And later, under bright lights in her autopsy lab, she cuts.
She was cutting now, her scalpel slicing through chilled skin, through subcutaneous fat that gleamed a greasy yellow. A man who liked his hamburgers and fries, she thought as she used pruning shears to cut through the ribs and lifted the triangular shield of breastbone the way one opens a cupboard door, to reveal its treasured contents.
The heart lay cradled in its spongey bed of lungs. For fifty-nine years, it had pumped blood through the body of Mr. Samuel Knight. It had grown with him, aged with him, transforming, as he had, from the lean muscle of youth to this well-larded flesh. All pumps eventually fail, and so had Mr. Knight’s as he’d sat in his Boston hotel room with the TV turned on and a glass of whiskey from the minibar sitting beside him on the nightstand.

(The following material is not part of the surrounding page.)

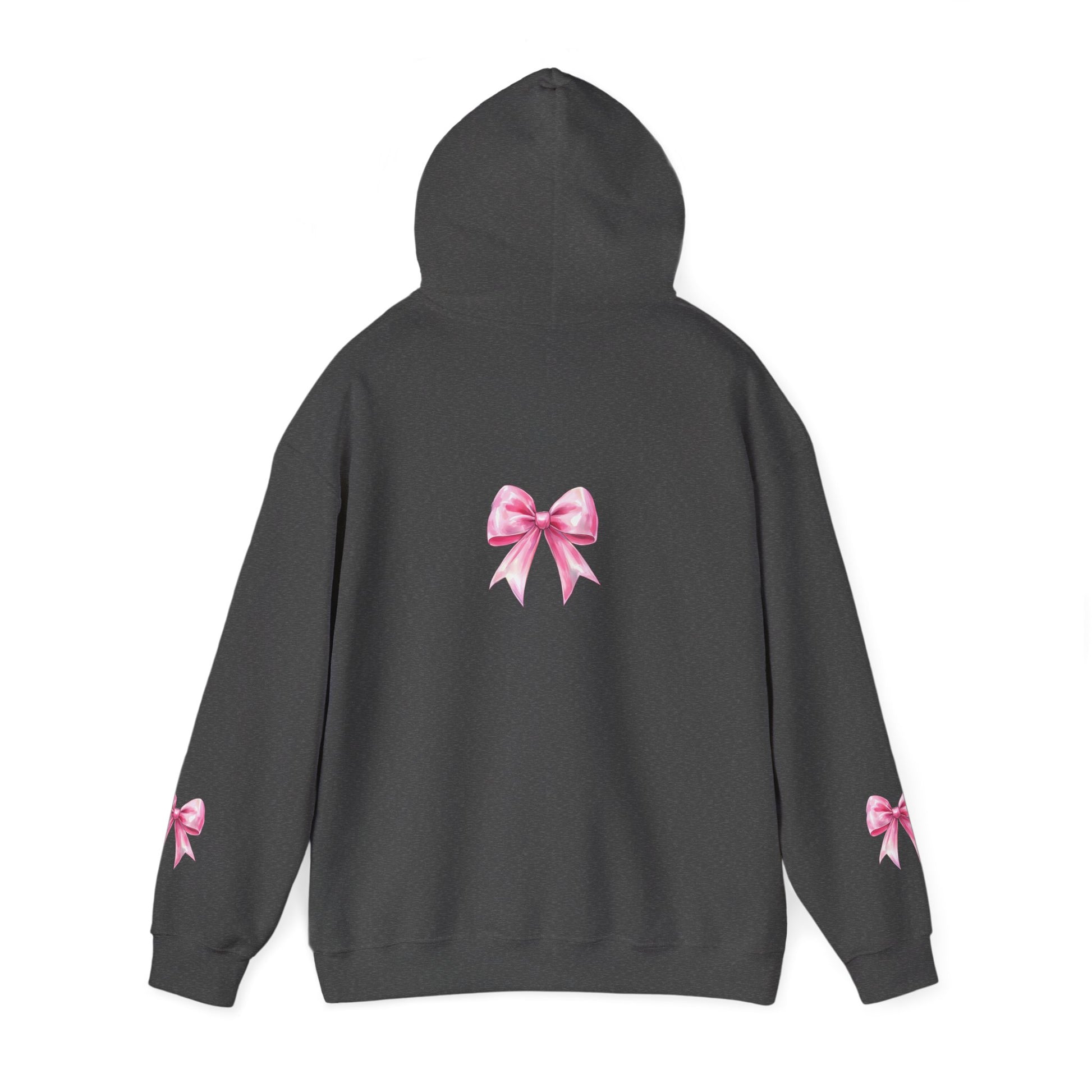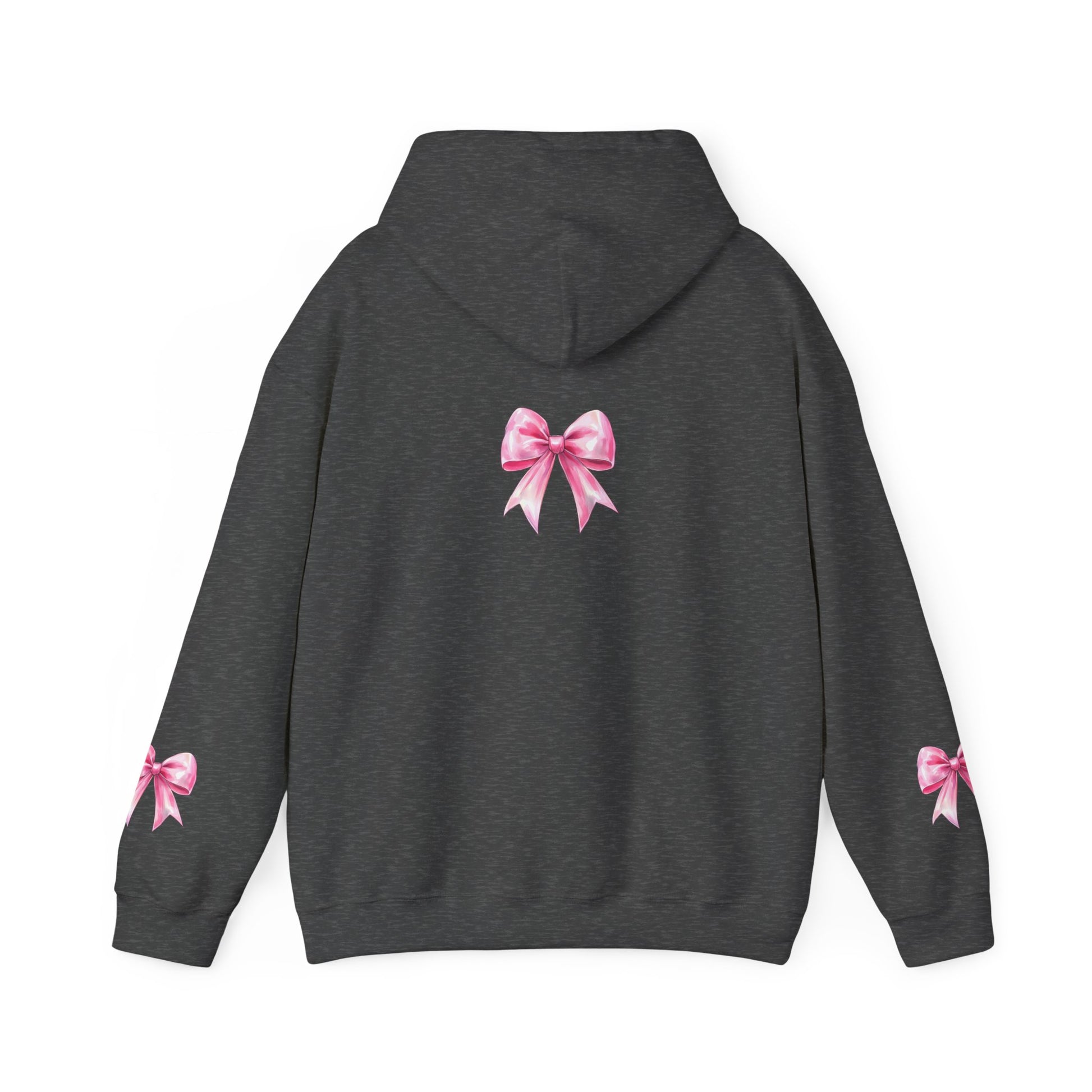 Introducing a delightful Unisex Heavy Blend™ Hooded Sweatshirt that radiates warmth and positivity. This cozy hoodie features a cheerful design adorned with playful pink bows, making it a perfect choice for spirited individuals who love to express joy and celebrate. Ideal for cheerleaders, team supporters, or anyone looking to add a dash of fun to their wardrobe, it's perfect for casual outings or cozy nights in. Wear it during festive gatherings, holiday celebrations, or simply while lounging at home. This sweatshirt not only keeps you comfortable but also elevates your mood with its vibrant aesthetic.

She did not pause to wonder what his final thoughts might have been, or whether he had felt pain or fear. Though she explored his most intimate recesses, though she flayed open his skin and held his heart in her hands, Mr. Samuel Knight remained a stranger to her, a silent and undemanding one, willingly offering up his secrets. The dead are patient. They do not complain, nor threaten, nor cajole.

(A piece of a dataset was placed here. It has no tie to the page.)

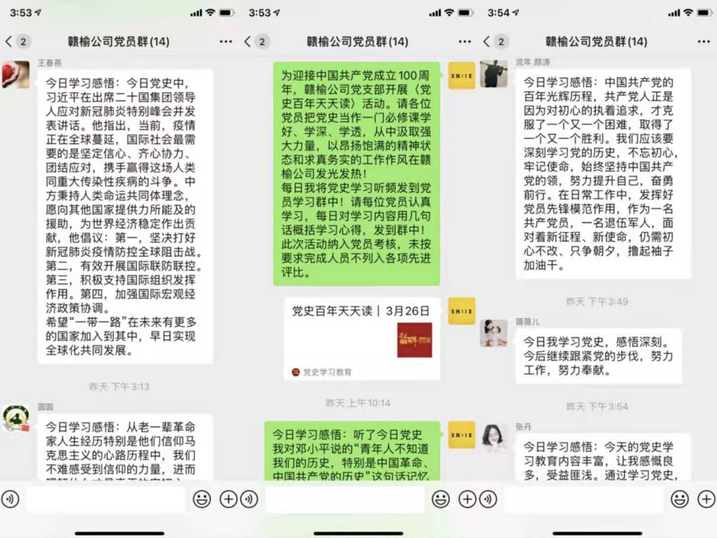 为迎接中国共产党成立100周年,深入学习党史教育,连汽赣榆公司党支部创新学习形式,自4月7日以来,利用党员学习群开展“党史天天讲”微感悟活动。
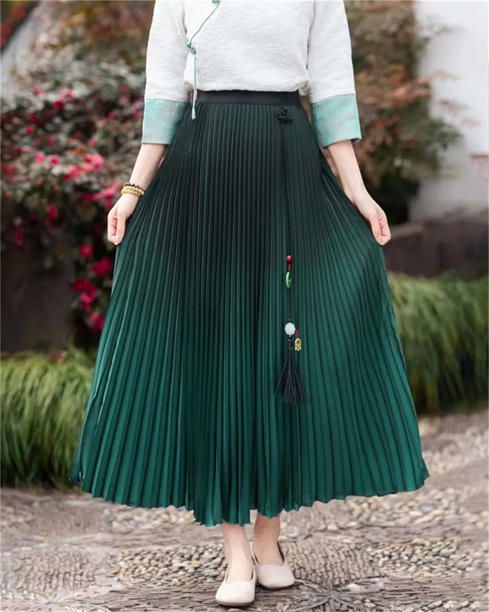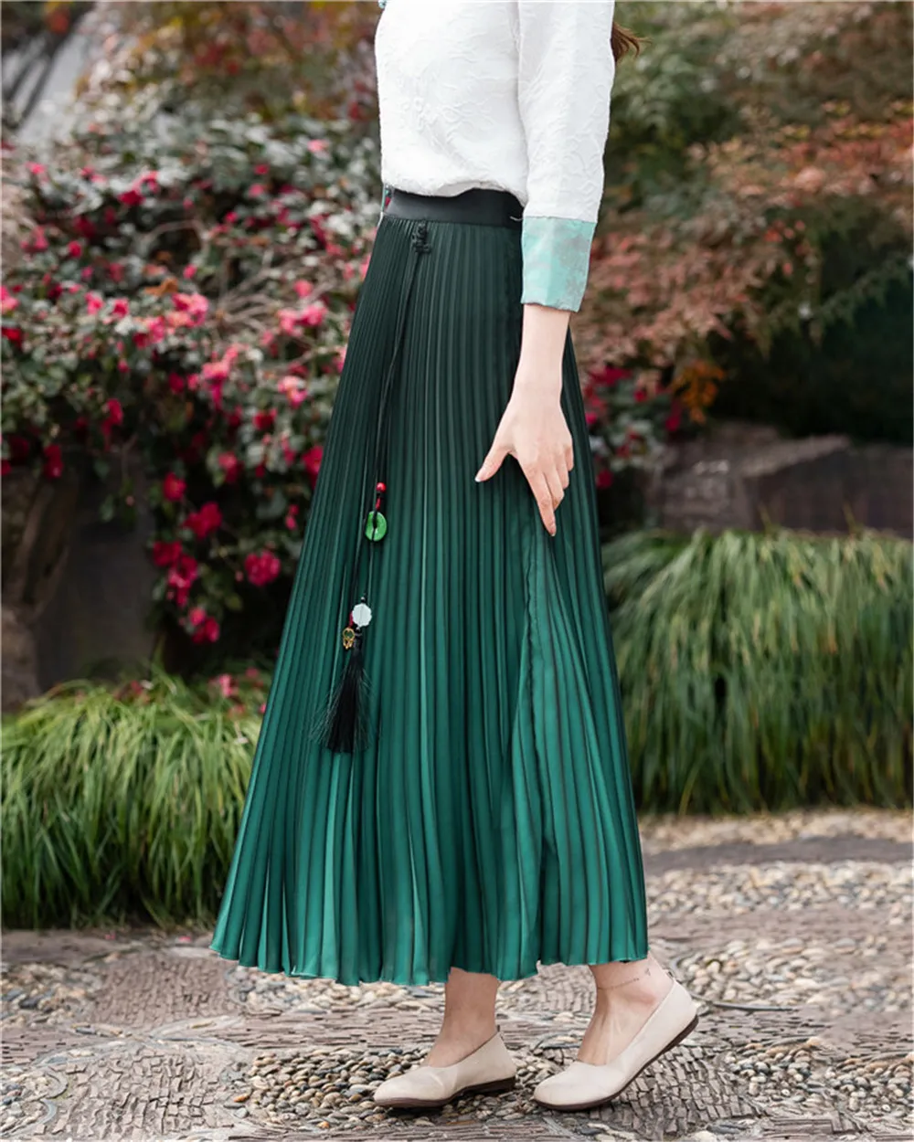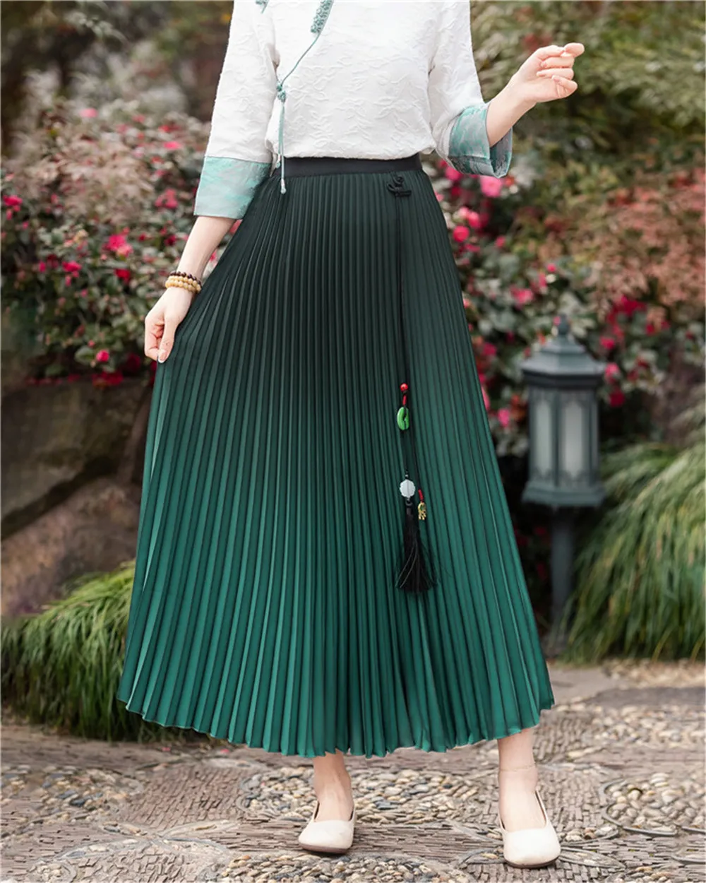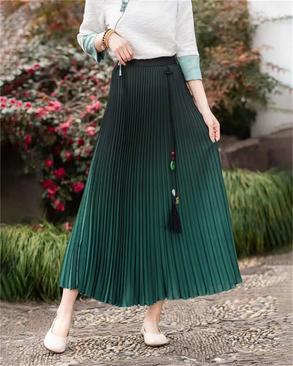 衣都精品- 2023新款民族風中式流蘇高腰漸變色半身裙

The dead do not hurt you; only the living do.
She worked with serene efficiency, resecting the thoracic viscera, laying the freed heart on the cutting board. Outside, the first snow of December swirled, white flakes whispering against windows and slithering down alleys. But here in the lab, the only sounds were of running water and the hiss of the ventilator fan. Her assistant Yoshima moved in uncanny silence, anticipating her requests, materializing wherever she needed him. They had worked together only a year and a half, yet already they functioned like a single organism, linked by the telepathy of two logical minds. She did not need to ask him to redirect the lamp; it was already done, the light shining down on the dripping heart, a pair of scissors held out and waiting for her to take them.
The darkly mottled wall of the right ventricle, and the white apical scar, told her this heart’s sad story. An old myocardial infarction, months or even years old, had already destroyed part of the left ventricular wall. Then, sometime in the last twenty-four hours, a fresh infarction had occurred. A thrombus had blocked off the right coronary artery, strangling the flow of blood to the muscle of the right ventricle.

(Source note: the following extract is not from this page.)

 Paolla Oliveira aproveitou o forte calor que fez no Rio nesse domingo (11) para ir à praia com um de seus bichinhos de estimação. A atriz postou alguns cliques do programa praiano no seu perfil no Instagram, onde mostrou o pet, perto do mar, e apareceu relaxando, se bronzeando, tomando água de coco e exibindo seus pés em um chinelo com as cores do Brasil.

She resected tissue for histology, already knowing what she would see under the microscope. Coagulation and necrosis. The invasion of white cells, moving in like a defending army. Perhaps Mr. Samuel Knight thought the discomfort in his chest was just a bout of indigestion. Too much lunch, shouldn’ t have eaten all those onions. Maybe Pepto-Bismol would do the trick. Or perhaps there’d been more ominous signs which he chose to ignore: the weight on his chest, the shortness of breath. Surely it did not occur to him that he was having a heart attack.
That, a day later, he would be dead of an arrhythmia.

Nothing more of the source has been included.